A pesquisa foi apoiada pelos Institutos Nacionais de Saúde, pela Fundação Nacional de Ciência dos EUA, pela Fundação Rita Allen e pela Klingenstein Fellowship in the Neurosciences.

“O metabolismo é frequentemente alterado em lesões cerebrais e doenças como a doença de Alzheimer, mas não sabemos se isso é uma causa ou consequência da doença”, disse a autora sênior Monica Dus, professora associada de biologia molecular, celular e do desenvolvimento da UM.

“Aqui descobrimos que a redução do metabolismo do açúcar quebra a integridade neural, mas se os neurônios já estiverem lesionados, a mesma manipulação pode ativar preventivamente um programa de proteção. Em vez de quebrar, os axônios resistem por mais tempo.”

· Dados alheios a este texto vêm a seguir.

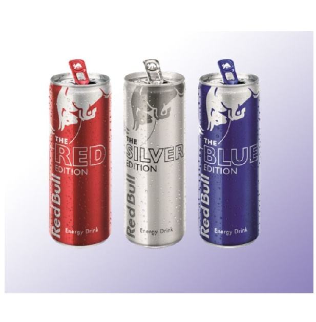 เรดบูล รุ่นพิเศษ 250 มล. สีแดง น้ำเงิน เงิน เหลือง เครื่องดื่มให้พลังงาน แพ็ค 24 กระป๋อง เหมาะสำหรับสำนักงานและร้านกาแฟ
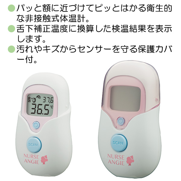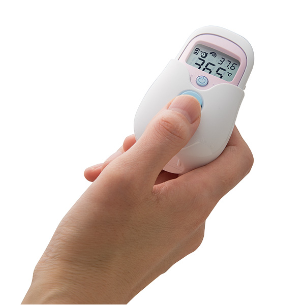 ●パッと額に近づけてピッとはかる衛生的な非接触式体温計。

Proteínas que detectam danos e controlam a degeneração

O autor principal, TJ Waller, pesquisador de pós-doutorado, identificou duas proteínas que parecem influenciar por quanto tempo os axônios permanecem saudáveis ​​após uma lesão. Uma dessas proteínas é a dupla leucina zíper quinase, ou DLK, que atua como um sensor para danos neuronais e se torna ativa quando o metabolismo é interrompido.

A segunda proteína, SARM1 – abreviação de Sterile Alpha e TIR Motif-containing 1 – tem sido associada há muito tempo à degeneração do axônio. O estudo mostra que a atividade SARM1 está intimamente ligada à resposta DLK.

“O que nos surpreendeu é que a resposta neuroprotetora muda dependendo das condições internas da célula”, disse Dus. “Os sinais metabólicos determinam se os neurônios mantêm a linha ou começam a quebrar.”

Quando a proteção se transforma em dano

Em situações onde os neurônios e axônios permanecem intactos, a atividade do DLK aumenta enquanto o movimento do SARM1 é restringido. Esta combinação parece apoiar a protecção a curto prazo. Porém, os pesquisadores descobriram que esse equilíbrio não dura indefinidamente.

Quando o DLK permanece ativo por longos períodos, sua função muda. A ativação prolongada leva à neurodegeneração progressiva, revertendo os efeitos protetores anteriores e acelerando os danos ao longo do tempo.

O desafio de direcionar DLK em doenças

Devido ao seu papel central, o DLK tornou-se um foco importante para o estudo e tratamento de doenças neurodegenerativas. No entanto, a sua dupla natureza torna difícil atingir com segurança, explicou Waller.

“Se quisermos retardar a progressão de uma doença, queremos inibir o seu aspecto negativo”, disse Waller. “Queremos ter certeza de que não estamos inibindo de forma alguma o aspecto mais positivo que pode realmente estar ajudando a retardar a doença naturalmente”.

Encontrar maneiras de gerenciar os efeitos opostos do DLK continua sendo um desafio não resolvido. Compreender como moléculas como o DLK alternam entre estados protetores e prejudiciais pode ter implicações importantes no tratamento de lesões cerebrais e doenças neurodegenerativas.

Dus e Waller disseram que a compreensão deste mecanismo “fornece uma nova perspectiva sobre lesões e doenças, que vai além de simplesmente bloquear os danos, concentrando-se no que o sistema já está fazendo para reforçá-los”.